Lastly, it is possible to see models of popular architecture with wooden framework in its walls, which survived the fire of Nava de Roa in the 19th century.

Wheat, barley and beetroot are grown in the village. More importantly grapes are also grown in the village, of which Designation of Origin wines are made. There are two wineries dedicated to its production and use: Montebellón Winery and Vineyards and Señorío de Nava Winery.

History of Nava de Roa

The village emerged from the medieval repopulation during the 10th and 11th centuries; its greatest period of glory was between the 16th and the 18th centuries. It benefited from being a hub of communication and a cross roads (Valladolid-Soria- and Segovia-Zaragoza). In 1591, the community had 1,569 residents.

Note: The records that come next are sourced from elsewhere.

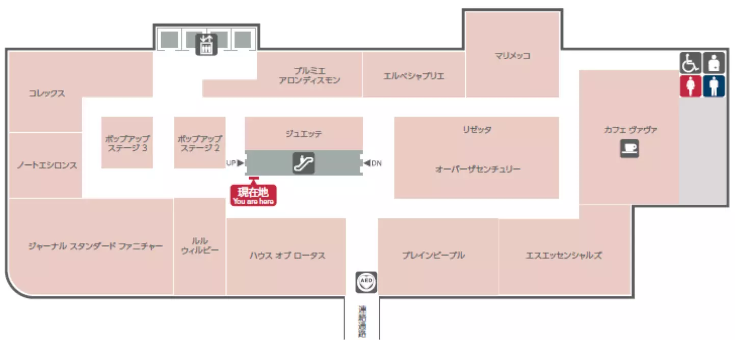 3F匯集了可以豐富日常生活的生活方式品牌,并持續(xù)定期更換hope up stage以引領(lǐng)風尚。2F,3F將一些服飾與雜貨等商品組合起來,進行提案式販賣。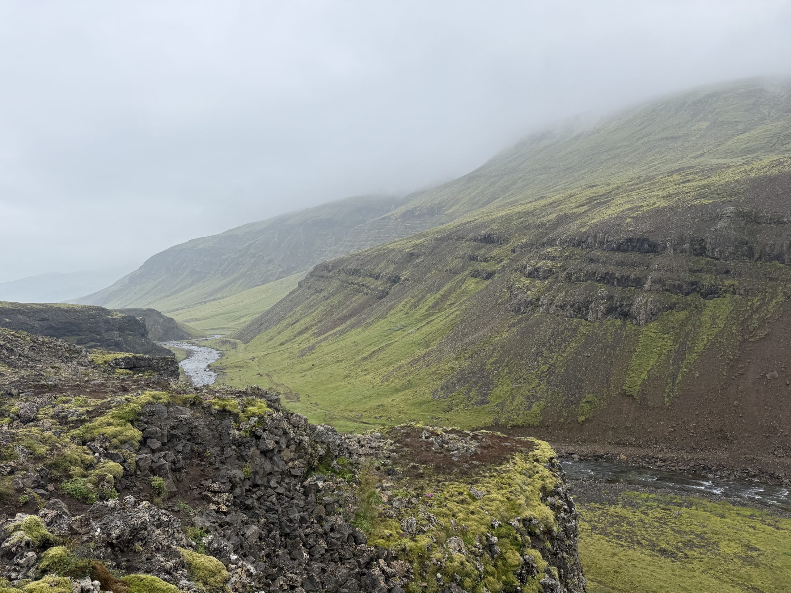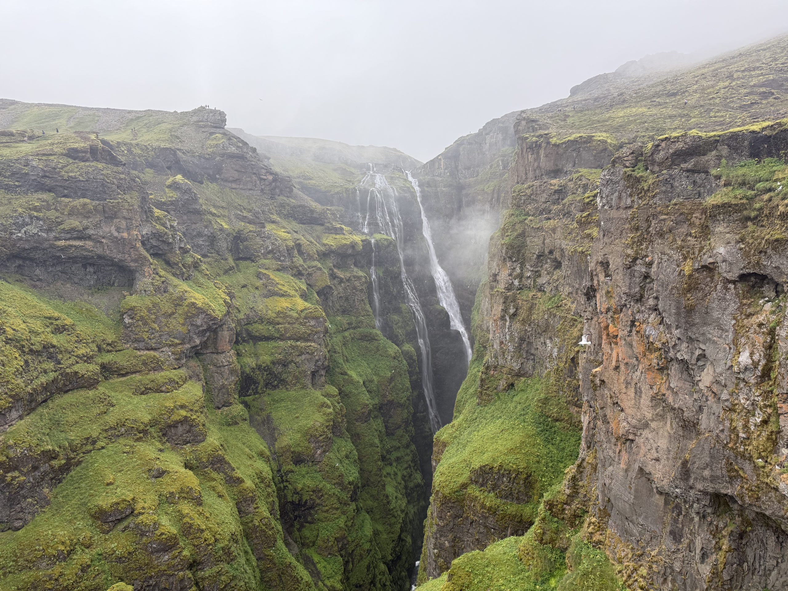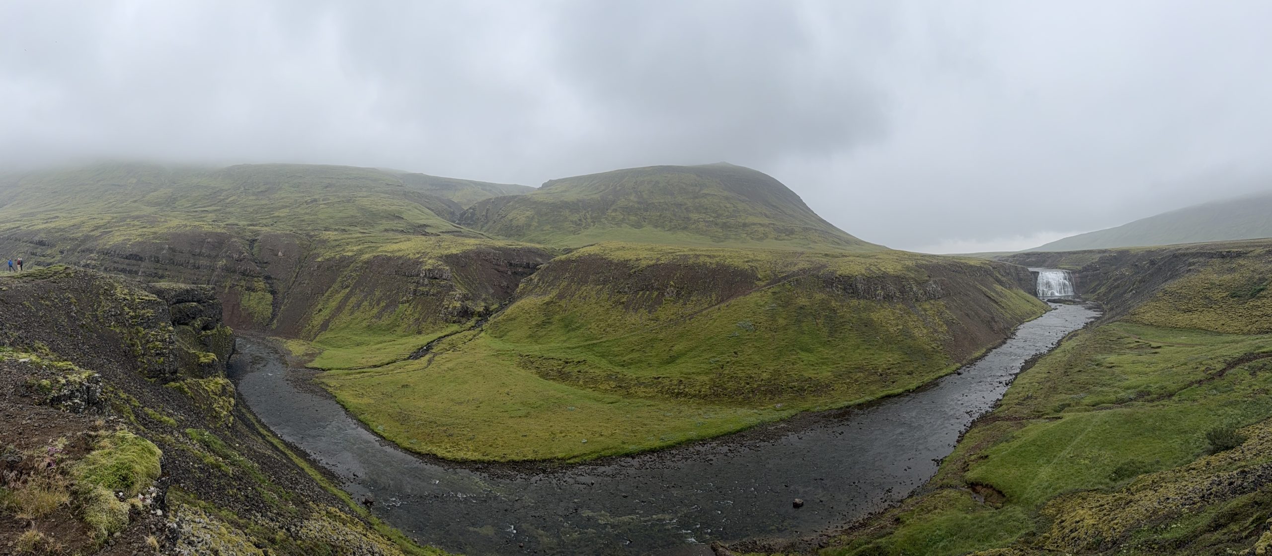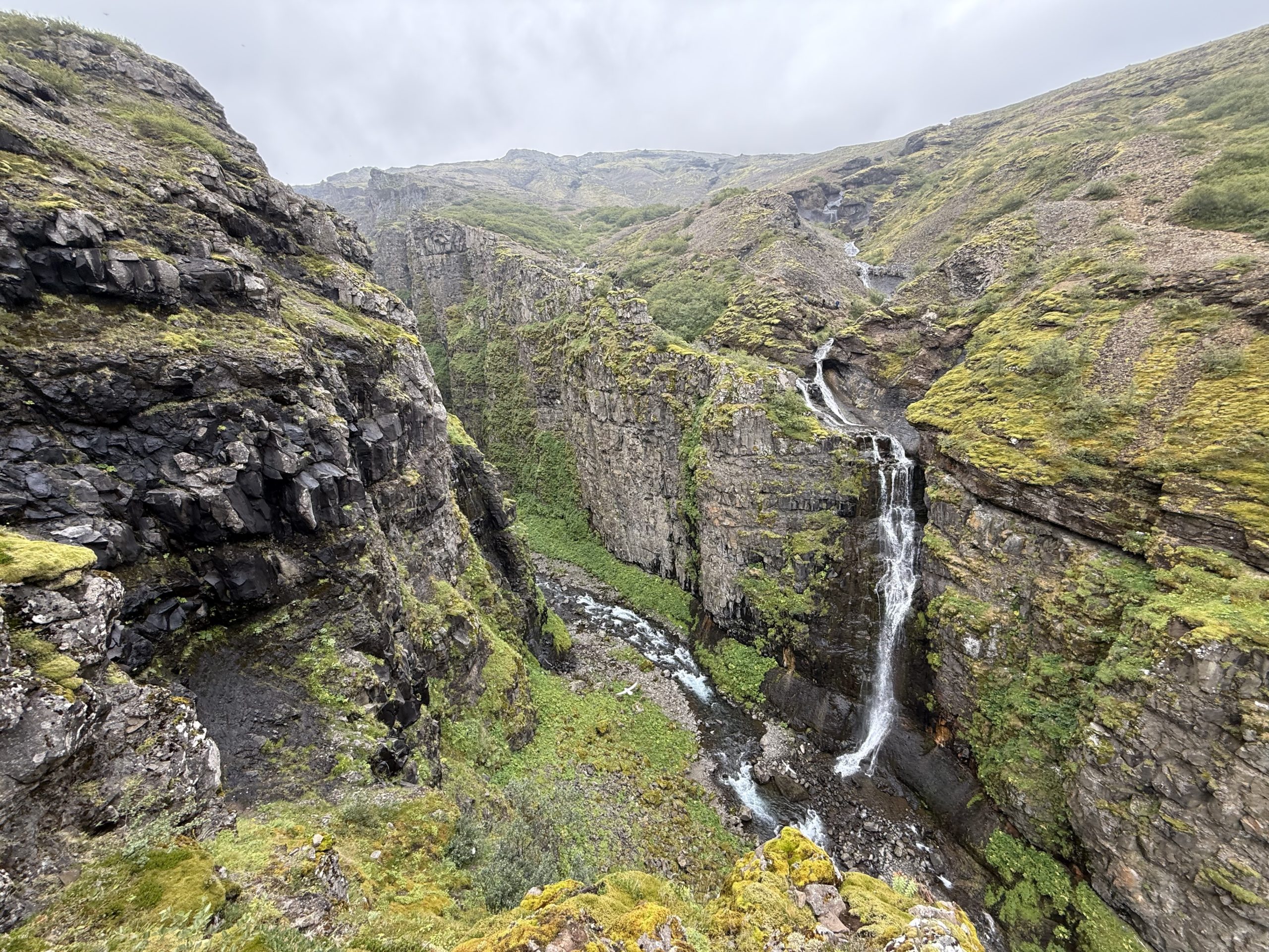 Dann aber das Highlight des Tages, wenn nicht der bisherigen Reise. Die Wanderung durch die Schlucht zum Glymur. Es ist einfach nur beeindruckend. Etwa 3 Stunden dauert die Wanderung durch und entlang dem Canyon bis zum Wasserfall. In der Schlucht nisten die Möwen und entsprechend viel Flugverkehr ist auch geboten. Gleichzeitig leuchten die schroffen Felswände teilweise in der intensivsten Grüntönen. Oben am Wasserfall angekommen heißt es dann Zähne zusammenbeißen: Der einzige Weg auf die andere Seite führt durch eine Furt über den eiskalten Bach und die 10 Meter bis zurr anderen Seite werden zum echten Härtetest. Dafür ist der Abstieg auf der Flanke über der Schlucht umso schöner.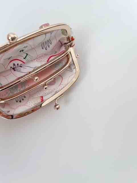 両端にはお札やカード、子がまには小銭を収納できる便利な親子がま口財布です。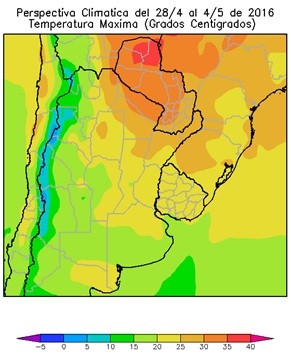 El centro del NOA, el norte de Cuyo, la mayor parte de Córdoba, el norte de Entre Ríos, el sur de Corrientes y el norte de la República Oriental del Uruguay, observará temperaturas máximas entre 25 y 30°C. El centro-este del NOA, la mayor parte de Cuyo, la mayor parte de la Región Pampeana y la mayor parte del Uruguay, observarán temperaturas máximas entre 20 y 25C.

At the fall of the old regime it remained constituted as the Town Council of the judicial district of Roa with 186 dwellings and 605 residents.

The 19th century marked the decline of Nava de Roa with two incidents: the total destruction (1836) in the period of the First Carlist War by General Miguel Gómez Damas and the Phylloxera Plague which eliminated the vineyards of the area, and, therefore, its economy. The decrease in population until this very day has been continuous.

The feast day of San Antolín Mártir is celebrated on September 2 and is of major local importance. The feast day of San Gregorio Nacianceno is locally celebrated, on May 9.